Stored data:
□ □ □
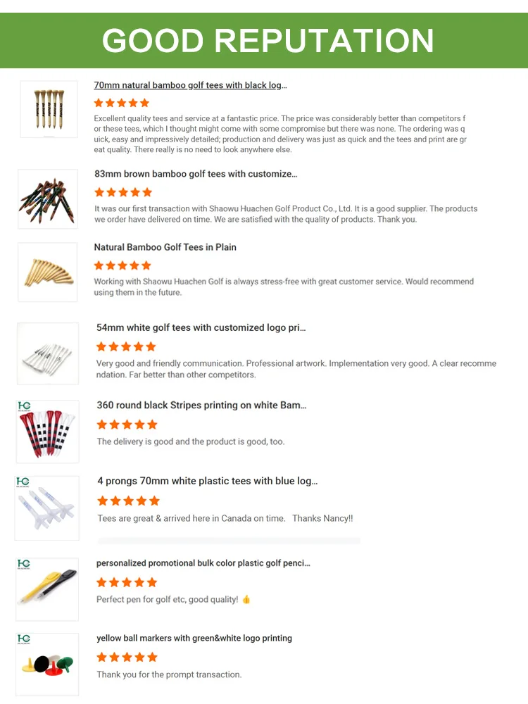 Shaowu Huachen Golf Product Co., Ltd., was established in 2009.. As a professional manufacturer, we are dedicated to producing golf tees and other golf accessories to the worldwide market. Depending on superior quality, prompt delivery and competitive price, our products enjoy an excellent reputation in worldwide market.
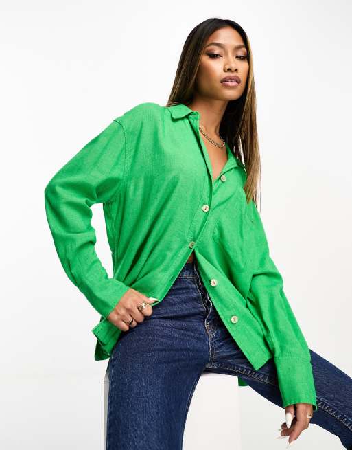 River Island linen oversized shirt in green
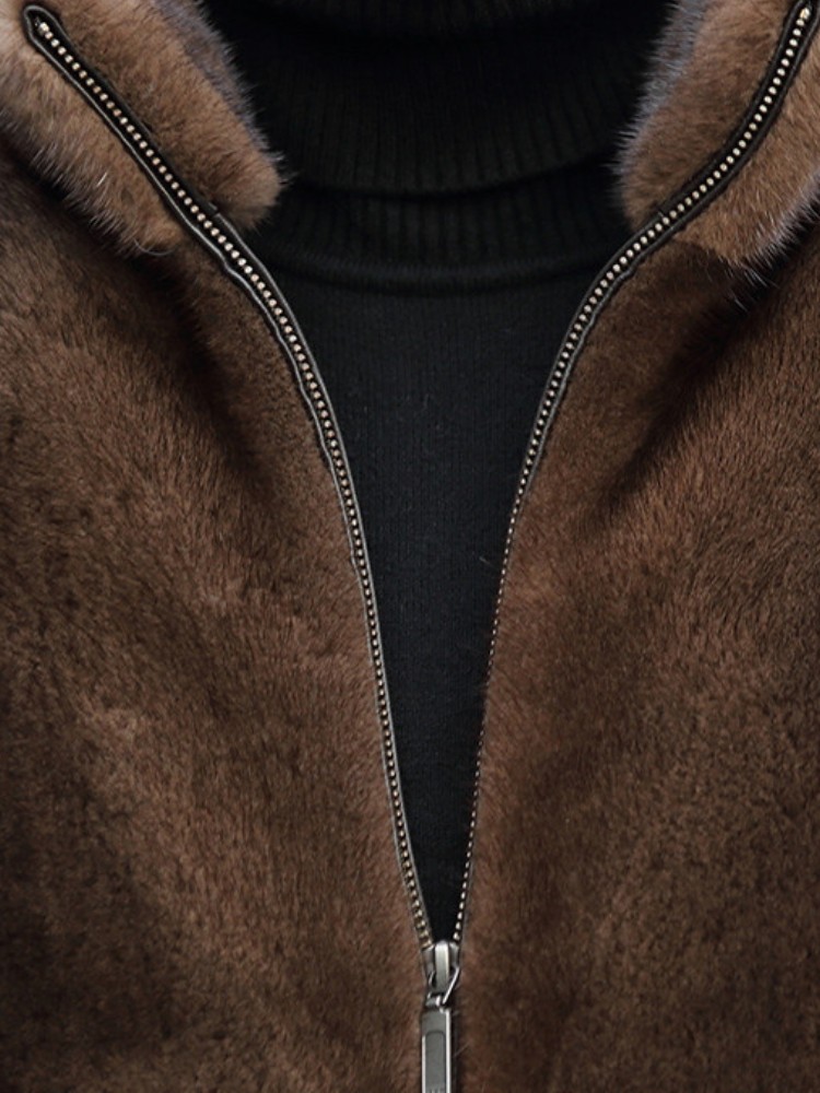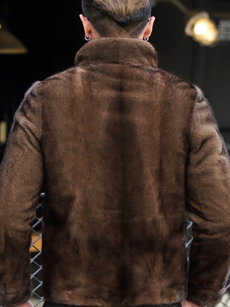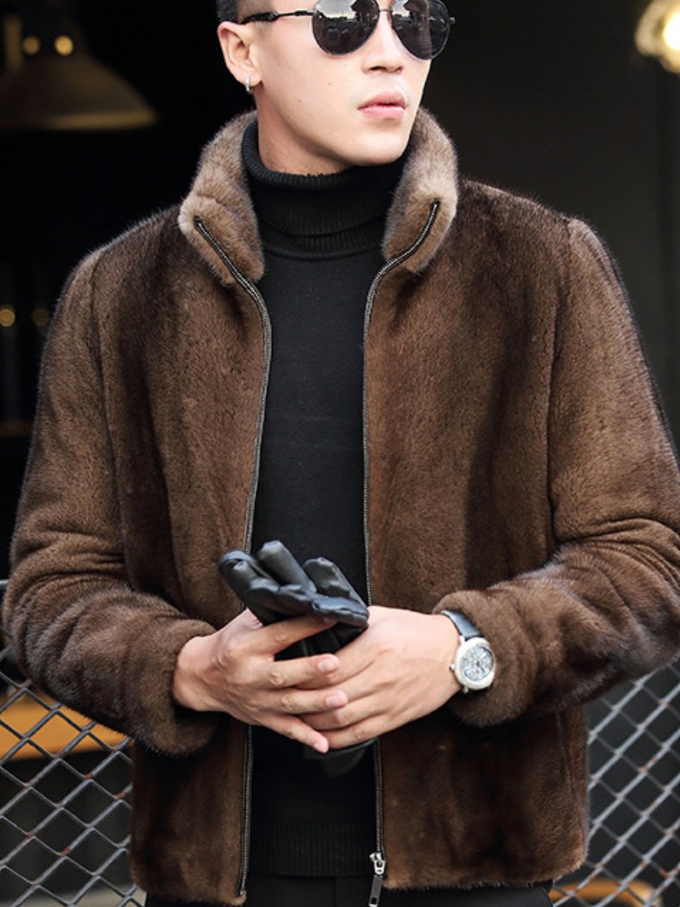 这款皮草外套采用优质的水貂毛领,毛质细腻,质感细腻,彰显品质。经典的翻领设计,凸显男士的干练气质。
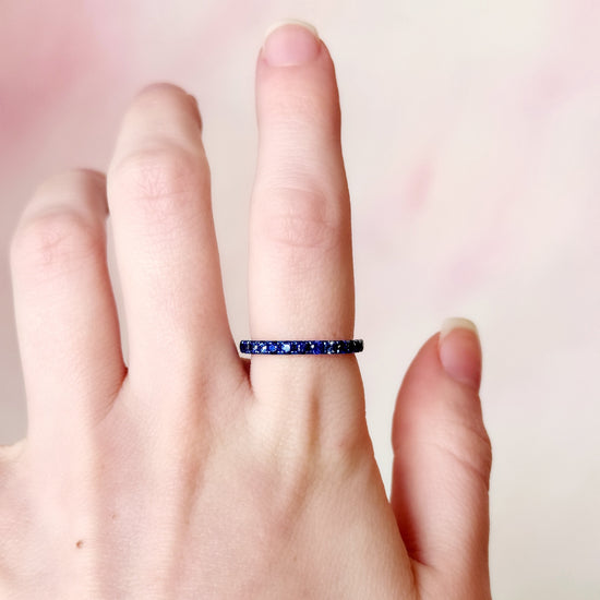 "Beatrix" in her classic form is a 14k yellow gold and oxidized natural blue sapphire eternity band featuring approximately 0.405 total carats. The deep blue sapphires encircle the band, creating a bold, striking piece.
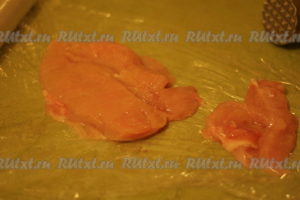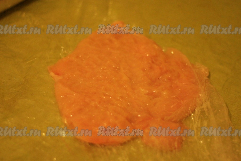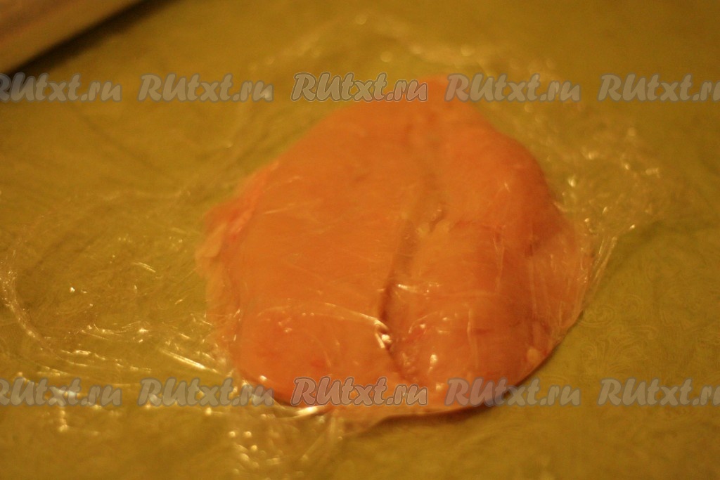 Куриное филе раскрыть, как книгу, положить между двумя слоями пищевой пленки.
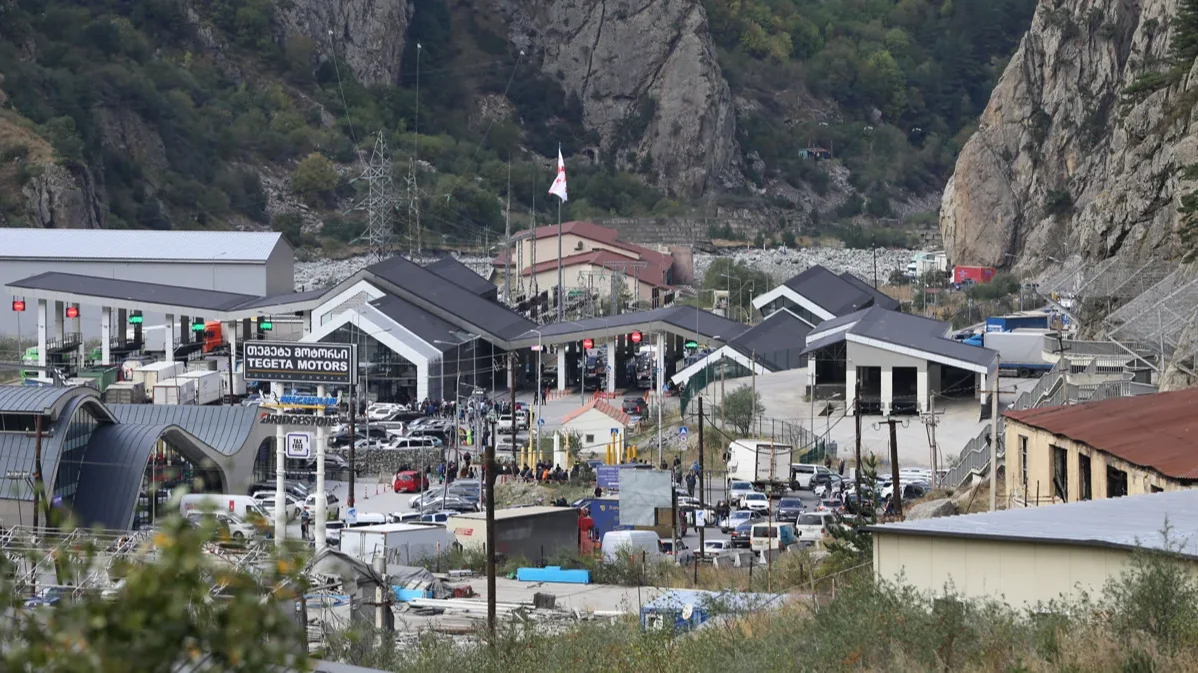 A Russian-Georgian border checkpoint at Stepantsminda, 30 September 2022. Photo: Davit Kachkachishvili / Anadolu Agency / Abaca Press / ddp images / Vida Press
□ □ □
From the entries above, write out every line without a single change, skipping the images.

== Problem solution ==
 Shaowu Huachen Golf Product Co., Ltd., was established in 2009.. As a professional manufacturer, we are dedicated to producing golf tees and other golf accessories to the worldwide market. Depending on superior quality, prompt delivery and competitive price, our products enjoy an excellent reputation in worldwide market.
 River Island linen oversized shirt in green
 这款皮草外套采用优质的水貂毛领,毛质细腻,质感细腻,彰显品质。经典的翻领设计,凸显男士的干练气质。
 "Beatrix" in her classic form is a 14k yellow gold and oxidized natural blue sapphire eternity band featuring approximately 0.405 total carats. The deep blue sapphires encircle the band, creating a bold, striking piece.
 Куриное филе раскрыть, как книгу, положить между двумя слоями пищевой пленки.
 A Russian-Georgian border checkpoint at Stepantsminda, 30 September 2022. Photo: Davit Kachkachishvili / Anadolu Agency / Abaca Press / ddp images / Vida Press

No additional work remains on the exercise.